Factoraje. Otra opción es descontar los documentos por medio del factoraje. Esto significa endosar una cuenta por cobrar a un tercero (empresa de factoraje) para que éste la cobre después a cambio de anticipar el efectivo por el total de la cuenta menos un porcentaje (de ahí el término descontar).

Mejora la cobranza

Existen varias maneras de hacer más eficiente el cobro a tus clientes:

Para empezar, revisa el desfase entre la venta a crédito del bien o servicio y la emisión del requerimiento de pago. Promueve una facturación frecuente y puntual de las cuentas por cobrar, evitando emitir las facturas a fin de mes, sino inmediatamente después de la venta.

Si estás en posibilidades, pide un porcentaje de la venta como adelanto y no pierdas el control del producto o servicio que ofreces hasta que el cliente haga el pago final. Claro, esto no siempre es posible. Así que averigua cuáles son los tiempos de cobro de tus competidores y adopta los más breves.

Una práctica muy efectiva para acelerar la entrada de efectivo es ofrecer descuentos por pronto pago a tus clientes para motivarlos a que cubran sus deudas lo antes posible.

Para que esto funcione, el monto del descuento tiene que ser más alto que el rendimiento que obtendría el cliente si metiera ese dinero a una cuenta de inversión, que le daría, digamos, un 2%. De modo que si ofreces un 5% de descuento es probable que el comprador lo tome.
“Lo mejor es dejarle al cliente las condiciones muy claras desde el inicio”, recomienda el catedrático del ITAM. Por ejemplo: un descuento del 5% si el pago es inmediato, del 2% si el pago es en 15 días y el monto neto si paga a 30 días. Todas estas condiciones ponlas por escrito.

Si estás dando descuentos por pronto pago, “revisa su efecto en la entrada anticipada de efectivo y si el descuento es muy alto o bajo”, recomienda el libro Presupuesto: planeación de utilidades y control, de Glenn Welsch. También monitorea si la política de descuentos es respetada (no lo es si se aplica el descuento después de la fecha límite de pago).

La alternativa opuesta a los descuentos es una penalización por pago tardío. Esta práctica podría poner en riesgo tu relación con el cliente y llevarla a cabo depende mucho de tu poder de negociación. Sin embargo, vale la pena que analices cuánta entrada de efectivo se pierde al no cargar un interés por pago tardío.

Para evitar futuros dolores de cabeza, revisa tus procesos de otorgamiento de crédito para determinar si se están descartando riesgos crediticios. Asimismo, analiza si tu empresa está anticipando las cuentas morosas y realizando acciones de cobro pertinentes antes de que las cuentas se vuelvan incobrables.

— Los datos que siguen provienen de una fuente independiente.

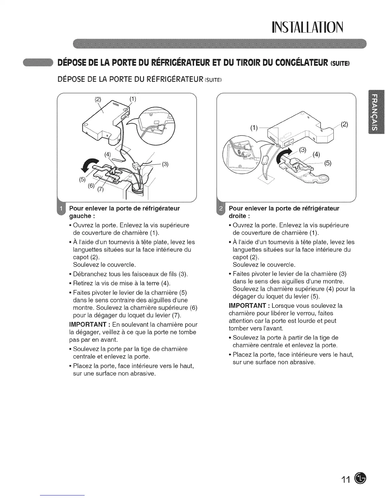 DEPOSEDE LA PORTEDU REFRiGI_RATI:URET DU TiROIRDU ¢ONGI_LATEUR(SUITE)

Para determinar si un cliente representa un riesgo de no pagar sus deudas:
Pide que llene una solicitud de crédito, que incluya información básica como nombre, dirección, información de contacto, RFC y referencias de otros negocios que le hayan otorgado financiamiento. Y no olvides verificar toda la información.

Investiga por tu cuenta en Internet, en el sitio corporativo de la compañía, las redes sociales y a través de motores de búsqueda si la empresa tiene problemas que podrían afectar su capacidad de pago.

En el caso de un cliente moroso, si le ofreces un plan de pagos, es clave que éste sea realista y las condiciones estén por escrito. De lo contrario, la relación con el cliente puede deteriorarse al grado de llevar a un rompimiento de la relación comercial: cuando tú dejes de surtirle y él ya no te haga más pedidos.